W3C home > Mailing lists > Public > www-international@w3.org > April to June 2011

RE: HTML5 and Unicode Normalization Form C

From: Koji Ishii <kojiishi@gluesoft.co.jp>
Date: Mon, 30 May 2011 13:04:34 -0400
To: Leif Halvard Silli <xn--mlform-iua@xn--mlform-iua.no>
CC: "www-international@w3.org" <www-international@w3.org>
Message-ID: <A592E245B36A8949BDB0A302B375FB4E0AC29AEA24@MAILR001.mail.lan>
Thank you for the understanding and I still feel sorry for my English skills. I've been wishing to learn better but it never happened. Sigh.

> Which scripts could such a thing harm?

One I know is CJK Compatibility Block (U+F900-FAFF) I wrote before. The other I found on the web is in the picture of this page[1] (text is in Japanese, sorry.) NFC transforms "U+1E0A U+0323" to "U+1E0A U+0307", and you see the upper dot is painted at different position. It must be a bug in Word, and I don't know how bad it is though.

I discussed the problem with Ken Lunde before. He's aware of the problem and he was thinking how to solve it. So the hope is we might have better solution in future, but right now, we don't have a good tool that solves linking problems without changing glyphs unfortunately.

[1] http://blog.antenna.co.jp/PDFTool/archives/2006/02/pdf_41.html

Regards,
Koji

-----Original Message-----
From: Leif Halvard Silli [mailto:xn--mlform-iua@målform.no] 
Sent: Monday, May 30, 2011 11:16 PM
To: Koji Ishii
Cc: www-international@w3.org
Subject: RE: HTML5 and Unicode Normalization Form C

Koji Ishii, Mon, 30 May 2011 04:21:45 -0400:
>> Koji Ishii, Sun, 29 May 2011 22:10:29 -0400:
>>> It looks like all Leif cares is URL.
>> 
>> All? As in "nothing more than"?
> 
> Ah...I apologize  [ snip ]

No problem. And it is true that my main focus is on linking.

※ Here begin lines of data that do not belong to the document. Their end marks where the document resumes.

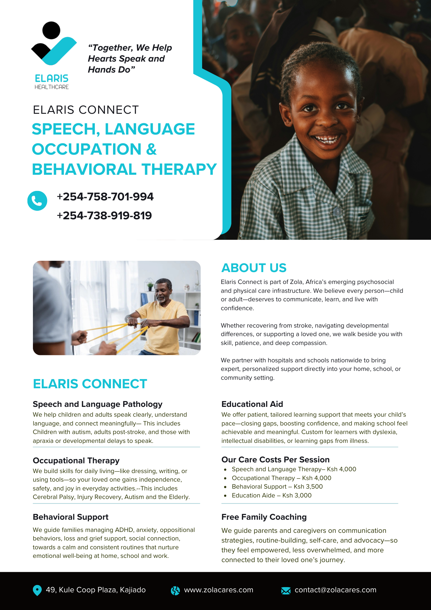 Elaris Connect empowers daily living through speech and language therapy, occupational therapy, behavioral support, and educational aid—helping individuals communicate, function, and thrive in school, work, and home environments.
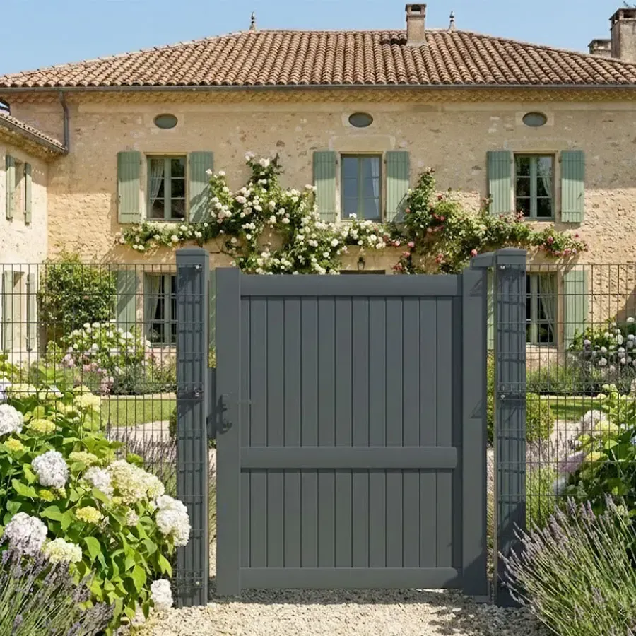 Voici pour vous le Portillon Aluminium Battant modèle MEL. Ce Portillon Haut de Gamme est fait pour vous et votre façade extérieure. A prix discount et livrer chez vous, directement depuis l’usine, votre portillon entièrement en profilés aluminium n’attends plus que vous ! Le procédé de thermolaquage est certifié par les meilleurs labels : QUALICOAT et QUALIMARINE. Les exigences Européennes en termes de développement durable sont respecter en utilisant des laques sans chrome.
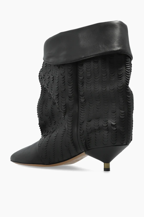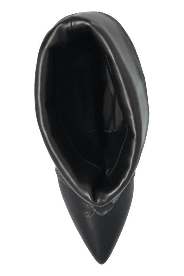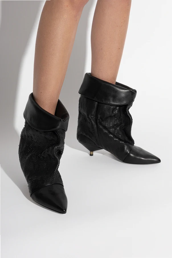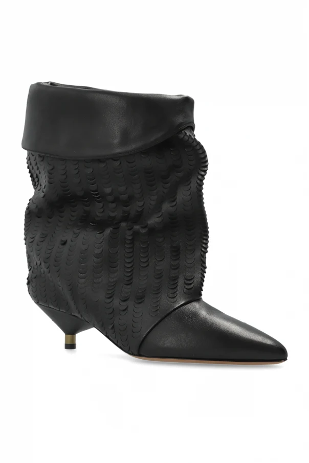 Experience refined sophistication with the Edrik heeled ankle boots by Isabel Marant . Presented in timeless black , this pair harmoniously balances modern artistry and classic elegance. The sharply pointed toe and luxuriously wide, slouchy shaft create a graceful silhouette, punctuated by a smooth, wide cuff meticulously crafted from supple premium leather.
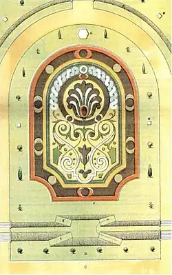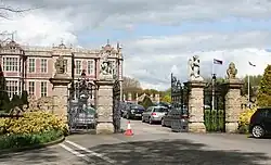 The entrance gates and wall separating the gardens from the park and farmland date from 1878 and are listed at grade II.[85] The wrought-iron gates are by Cubitt & Co., and were exhibited at the Paris Exhibition of 1878.[4] Two outer single gates and a double inner gate are supported by four sandstone piers. The outer pair of gate piers are capped by a bud-shaped device supported on scrolls; the inner pair are surmounted by a griffin and a lion, mirroring the statuary of the hall's terraces. The lower gate sections of lyre-like panels with leaf and spearhead motifs are topped with Jacobean-style arched panels. The ornate gate overthrows include shields and emblems capped with crowns, sheaves and sickles.[85] The inner gates bear the inscription Quid retribuam domino ("What can I render to the Lord?"), while the outer gates bear the date.[56][85] The wall, of brick with stone dressings, features arcading and has piers surmounted with ogee caps carved to match the tiles of the main hall tower.[85] A further feature of the gardens to survive is a grade-II-listed sundial dating from the early 19th century, which stands to the rear of the house.[86]
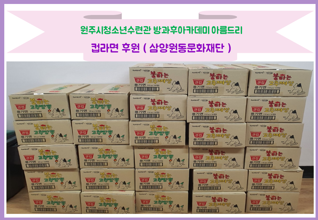 - 삼양동원문화재단에서 컵라면을 후원받아 청소년들에게 식료품 지원하는 날 같이 전달하였습니다.
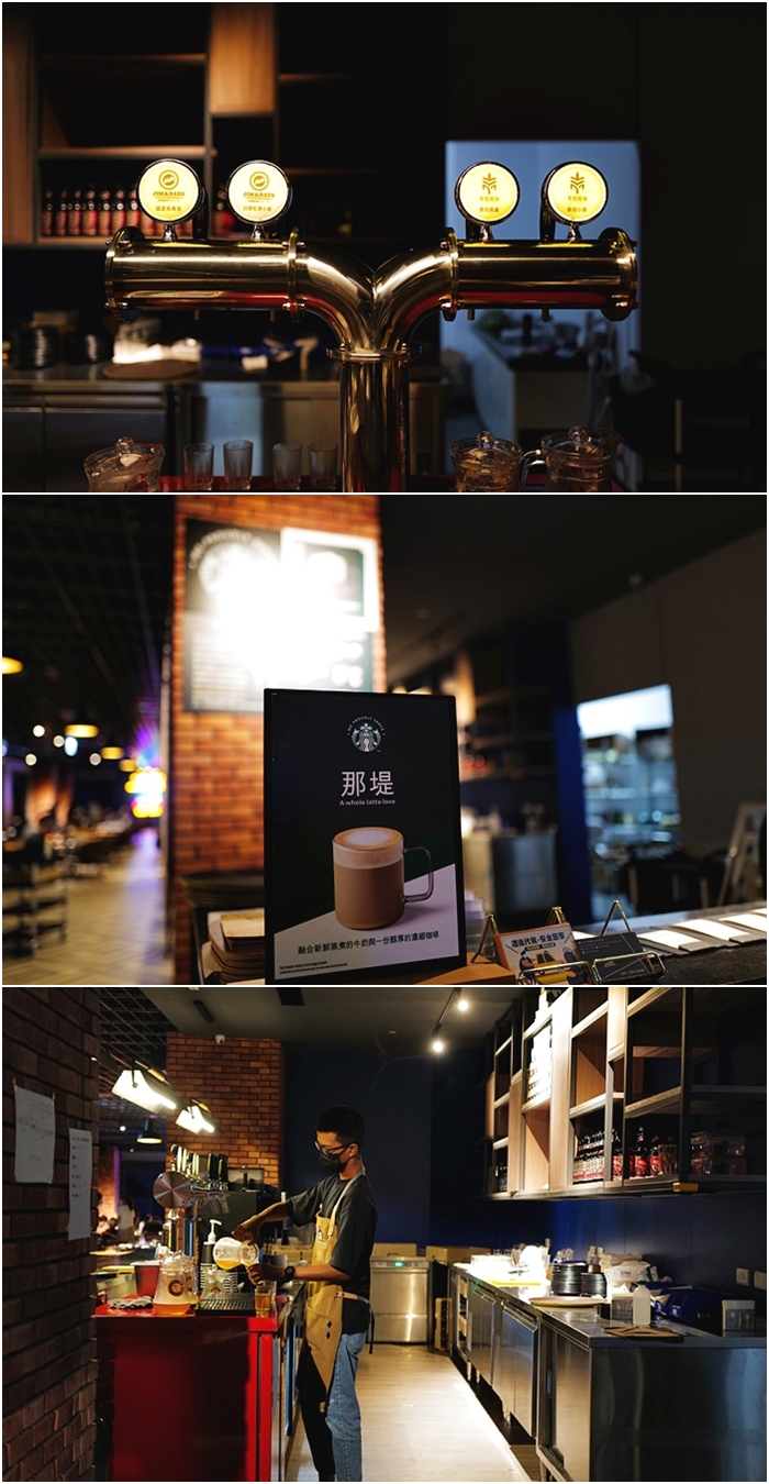 | 最特別的是美式餐廳內還有提供宜蘭在地知名的精釀啤酒,另外還有掛上星巴克的招牌,我以為星巴克有進駐,聽工作人員解釋,餐廳內咖啡豆都是跟星巴克採購的,也遵照星巴客的sop流程,所以煮出來的味道都跟星巴克一模一樣,比較像授權的概念。 |
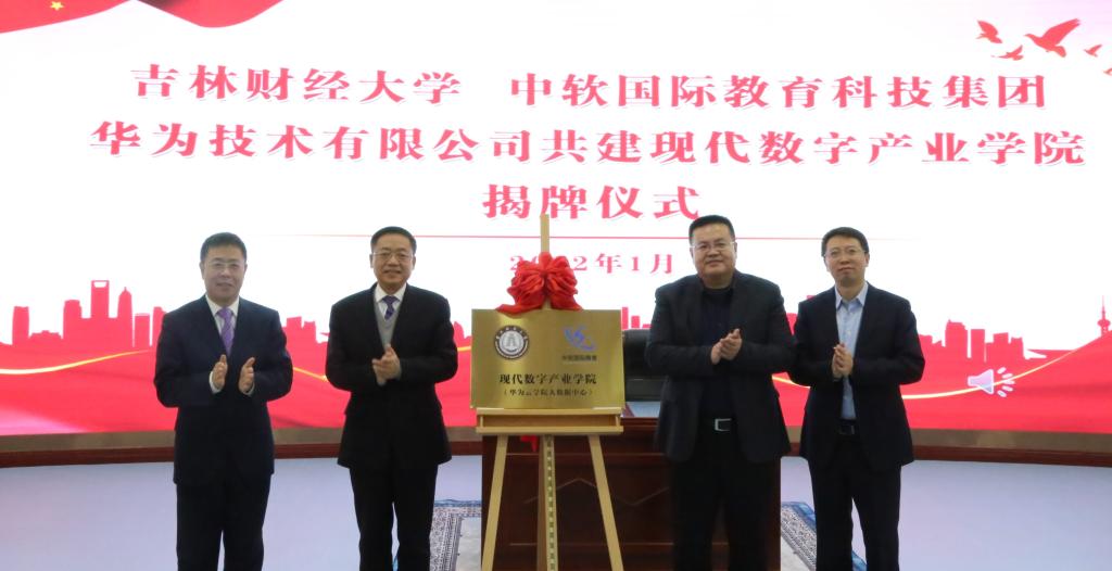 校党委书记孙杰光,校党委副书记、校长童猛,中软国际集团高级副总裁高滨,华为公司吉林省副总经理王建华共同为“现代数字产业学院”揭牌。

>>> I think it'd make sense for HTML5 spec and validator to follow
>>> URL/IRI spec for attributes that contain URL/IRI.
>> 
>> Do you expect text editors to encode content of attributes differnetly
>> from content of other parts of the text file?
> 
> Yes for validators. URL/IRI has syntax like encoding using "%", so 
> validation of attribute values using its data type makes sense to me. 
> If it wasn't the goal of the HTML5 validator, or if I'm asking too 
> much, I'm sorry for that.

HTML5 supports IRIs, which: [1] "Allows native representation of 
Unicode in resources without % escaping". Or put differently: [2] "the 
desired Web address is stored in a document link or typed into the 
client's address bar using the relevant native characters".

> But you're right that it could be a hard requirement for editors. If 
> we take it seriously, I guess we have to wait Unicode to fix NFC 
> problems (I heard the effort is going on) or to ask web 
> browsers/servers to normalize on the fly. All options we have today 
> have trade-offs, and I just wanted you to be aware of that 
> normalizing whole contents today can harm some scripts.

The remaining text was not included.